Using the material below, print a verbatim copy of every line from the one containing "Regala un dono" through the one containing "Kommen wir nun", inclusive, and omit the pictures.

(Data)

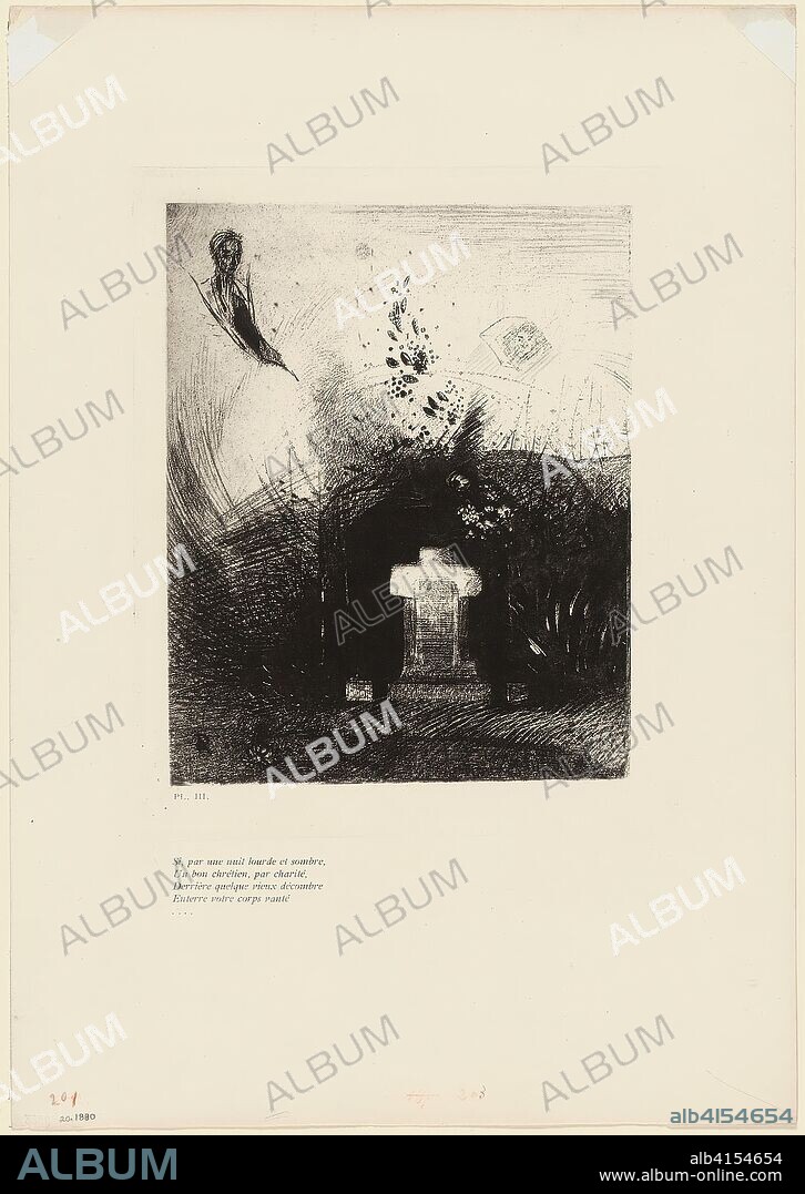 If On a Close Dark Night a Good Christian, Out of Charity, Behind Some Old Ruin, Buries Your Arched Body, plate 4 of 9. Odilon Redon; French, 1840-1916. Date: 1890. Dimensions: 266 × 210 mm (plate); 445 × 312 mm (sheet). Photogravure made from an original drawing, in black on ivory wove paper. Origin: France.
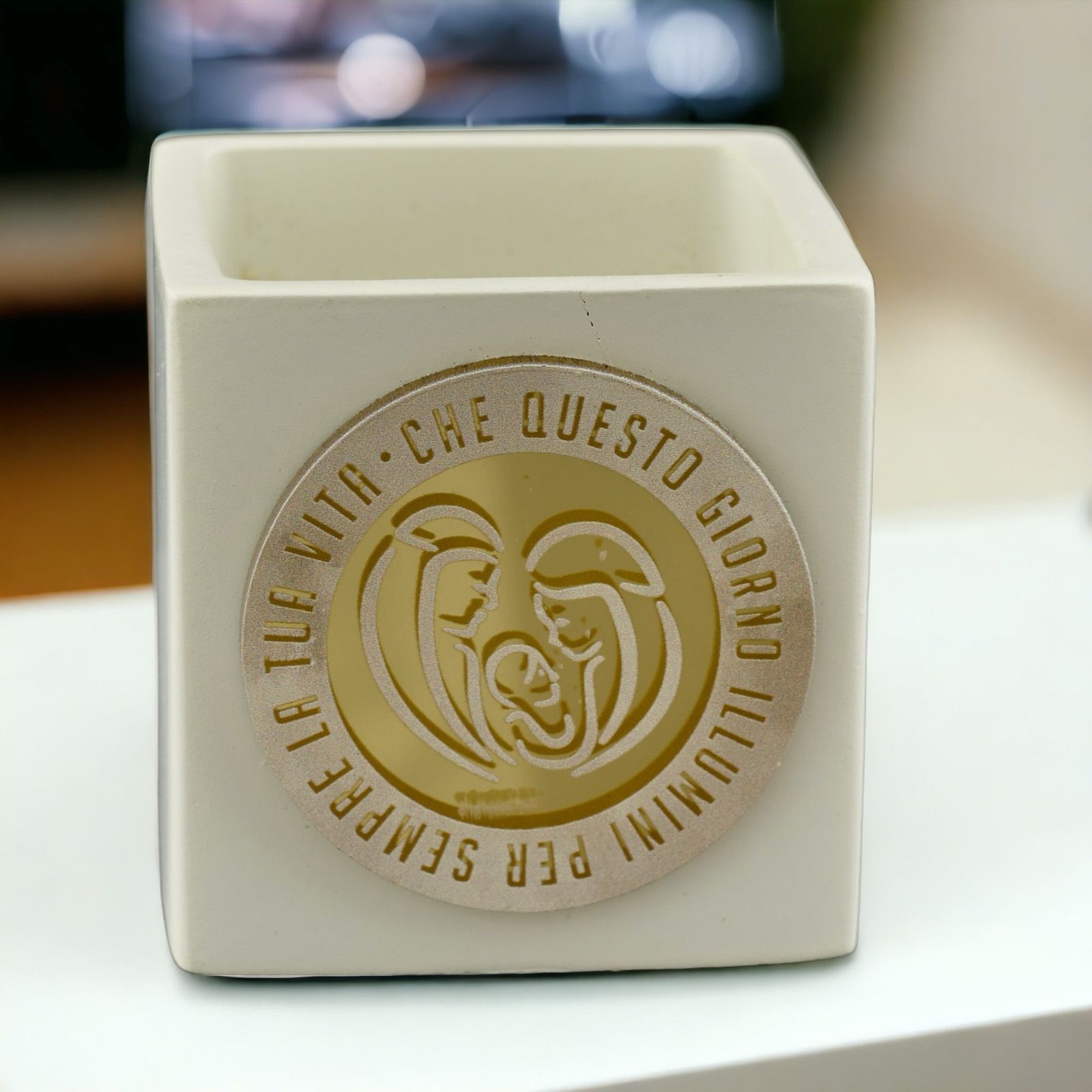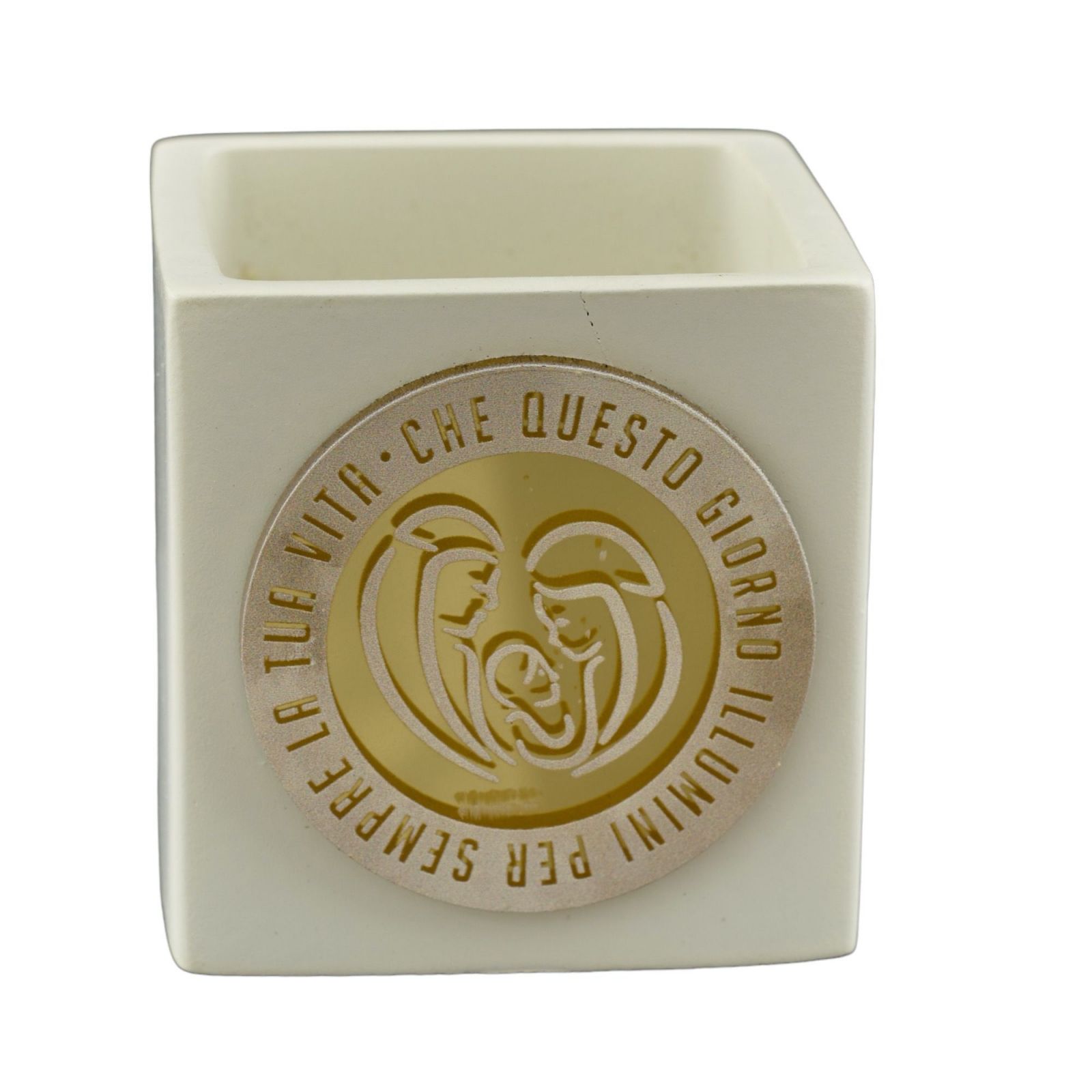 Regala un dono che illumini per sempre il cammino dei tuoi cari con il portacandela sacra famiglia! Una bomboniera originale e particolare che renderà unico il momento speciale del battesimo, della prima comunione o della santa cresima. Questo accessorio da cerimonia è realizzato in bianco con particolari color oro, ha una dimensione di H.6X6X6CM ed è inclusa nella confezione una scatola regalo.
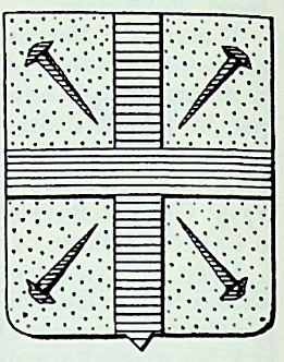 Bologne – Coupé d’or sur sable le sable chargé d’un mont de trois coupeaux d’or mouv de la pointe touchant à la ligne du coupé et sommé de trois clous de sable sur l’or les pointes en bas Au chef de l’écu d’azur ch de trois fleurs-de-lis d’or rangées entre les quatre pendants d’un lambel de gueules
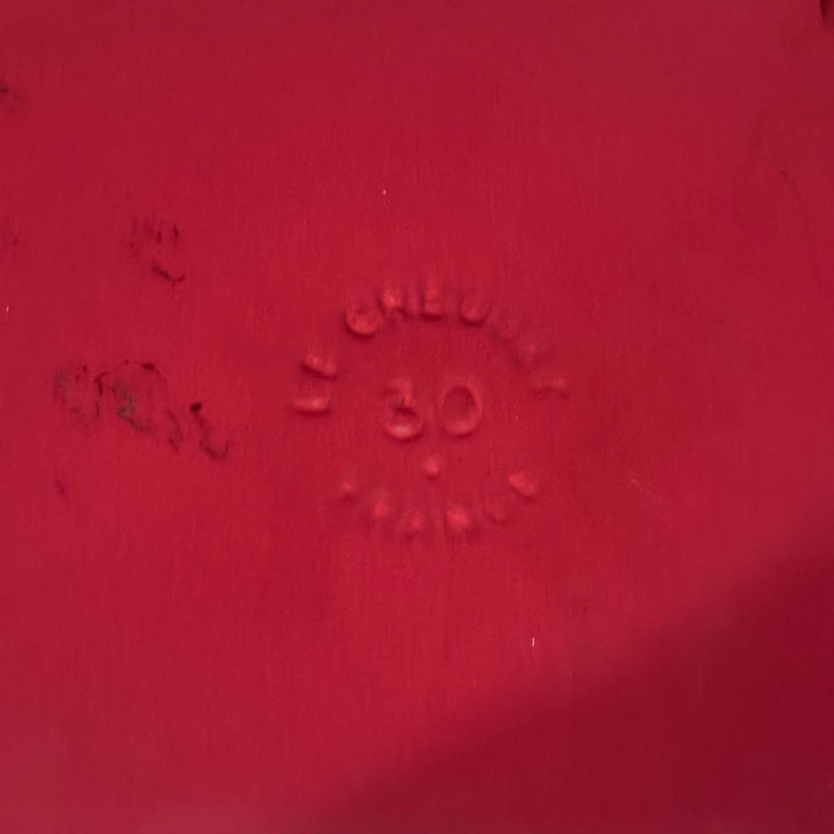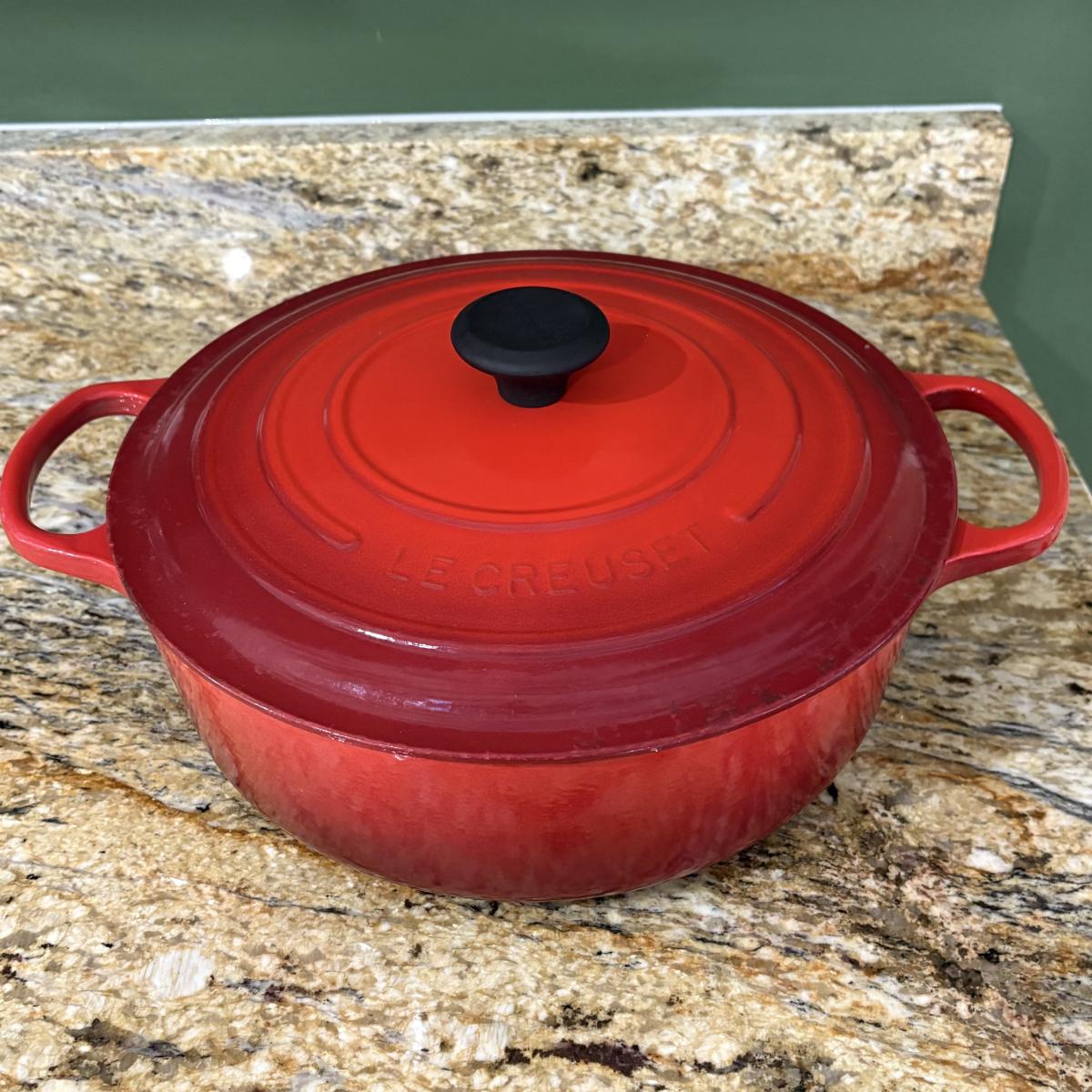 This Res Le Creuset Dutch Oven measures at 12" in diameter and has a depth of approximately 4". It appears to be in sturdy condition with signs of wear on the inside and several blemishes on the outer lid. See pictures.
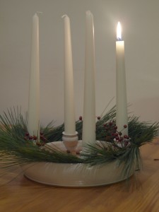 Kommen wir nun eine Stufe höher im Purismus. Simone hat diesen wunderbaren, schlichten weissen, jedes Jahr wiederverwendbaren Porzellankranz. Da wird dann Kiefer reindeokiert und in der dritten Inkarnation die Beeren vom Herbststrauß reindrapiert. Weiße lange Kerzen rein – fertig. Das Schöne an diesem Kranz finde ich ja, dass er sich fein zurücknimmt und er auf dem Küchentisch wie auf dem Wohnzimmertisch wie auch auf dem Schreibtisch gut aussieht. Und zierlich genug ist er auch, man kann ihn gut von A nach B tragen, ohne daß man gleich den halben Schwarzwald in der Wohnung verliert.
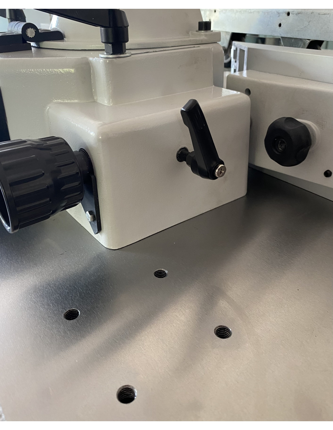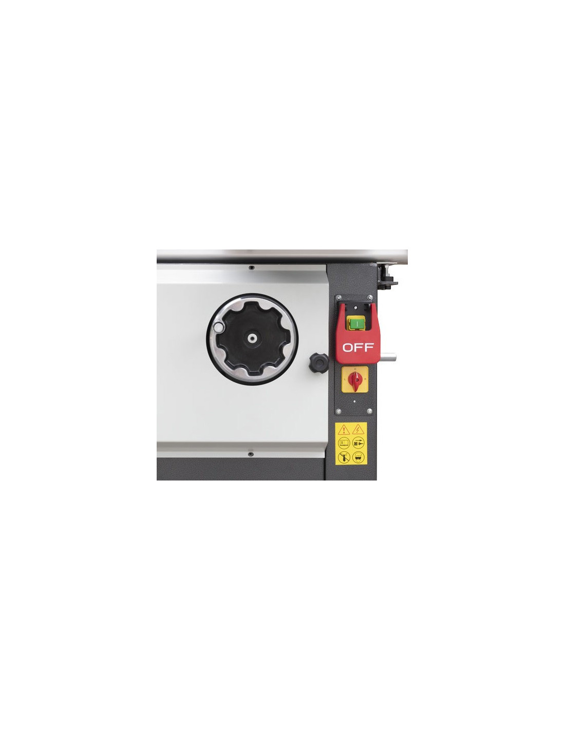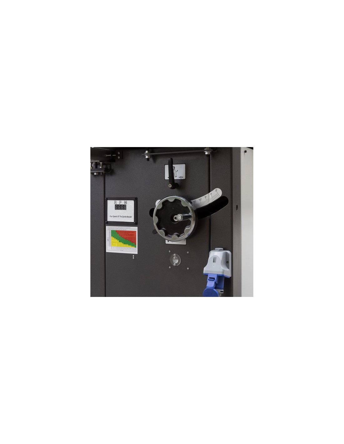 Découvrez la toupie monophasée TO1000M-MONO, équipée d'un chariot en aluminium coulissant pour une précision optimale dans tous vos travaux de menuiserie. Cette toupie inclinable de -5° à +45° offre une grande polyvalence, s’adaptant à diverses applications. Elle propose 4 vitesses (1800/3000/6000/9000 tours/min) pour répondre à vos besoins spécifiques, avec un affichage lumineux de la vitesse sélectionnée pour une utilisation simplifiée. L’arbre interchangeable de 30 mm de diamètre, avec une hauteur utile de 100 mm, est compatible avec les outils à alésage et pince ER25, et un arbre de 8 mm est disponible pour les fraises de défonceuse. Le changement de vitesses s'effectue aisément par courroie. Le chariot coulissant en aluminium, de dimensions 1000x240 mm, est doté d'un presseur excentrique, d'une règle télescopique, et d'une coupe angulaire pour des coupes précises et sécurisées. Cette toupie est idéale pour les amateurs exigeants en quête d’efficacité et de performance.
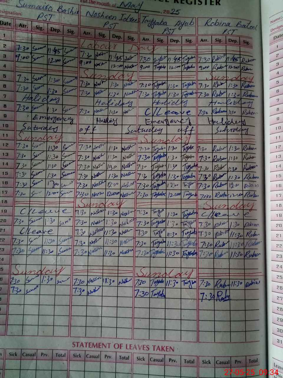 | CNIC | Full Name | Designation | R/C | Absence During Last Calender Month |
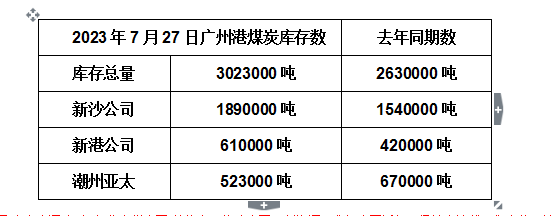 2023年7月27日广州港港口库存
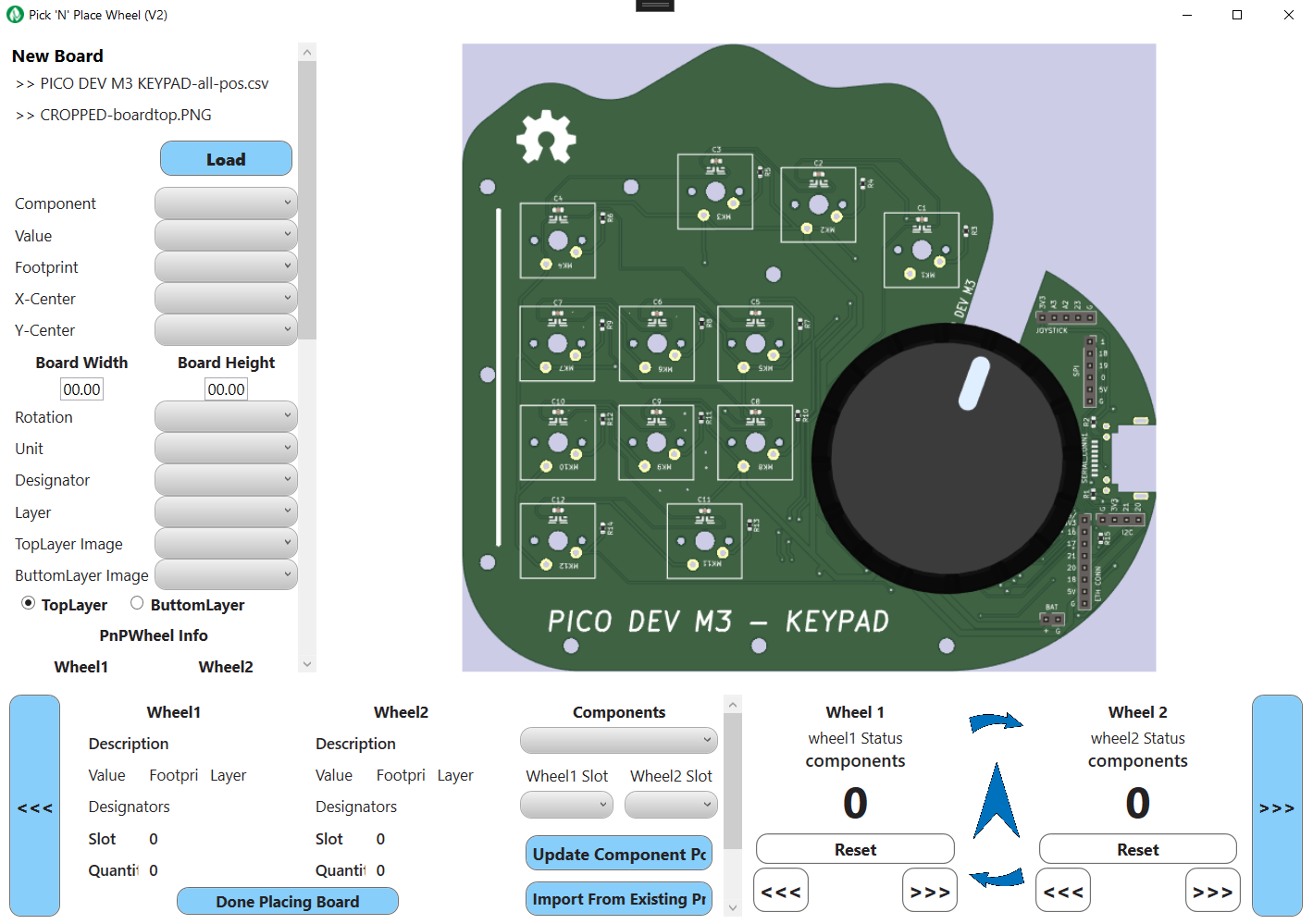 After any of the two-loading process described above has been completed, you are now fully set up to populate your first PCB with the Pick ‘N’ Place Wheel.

(End Data)

Solution to this problem:
 Regala un dono che illumini per sempre il cammino dei tuoi cari con il portacandela sacra famiglia! Una bomboniera originale e particolare che renderà unico il momento speciale del battesimo, della prima comunione o della santa cresima. Questo accessorio da cerimonia è realizzato in bianco con particolari color oro, ha una dimensione di H.6X6X6CM ed è inclusa nella confezione una scatola regalo.
 Bologne – Coupé d’or sur sable le sable chargé d’un mont de trois coupeaux d’or mouv de la pointe touchant à la ligne du coupé et sommé de trois clous de sable sur l’or les pointes en bas Au chef de l’écu d’azur ch de trois fleurs-de-lis d’or rangées entre les quatre pendants d’un lambel de gueules
 This Res Le Creuset Dutch Oven measures at 12" in diameter and has a depth of approximately 4". It appears to be in sturdy condition with signs of wear on the inside and several blemishes on the outer lid. See pictures.
 Kommen wir nun eine Stufe höher im Purismus. Simone hat diesen wunderbaren, schlichten weissen, jedes Jahr wiederverwendbaren Porzellankranz. Da wird dann Kiefer reindeokiert und in der dritten Inkarnation die Beeren vom Herbststrauß reindrapiert. Weiße lange Kerzen rein – fertig. Das Schöne an diesem Kranz finde ich ja, dass er sich fein zurücknimmt und er auf dem Küchentisch wie auf dem Wohnzimmertisch wie auch auf dem Schreibtisch gut aussieht. Und zierlich genug ist er auch, man kann ihn gut von A nach B tragen, ohne daß man gleich den halben Schwarzwald in der Wohnung verliert.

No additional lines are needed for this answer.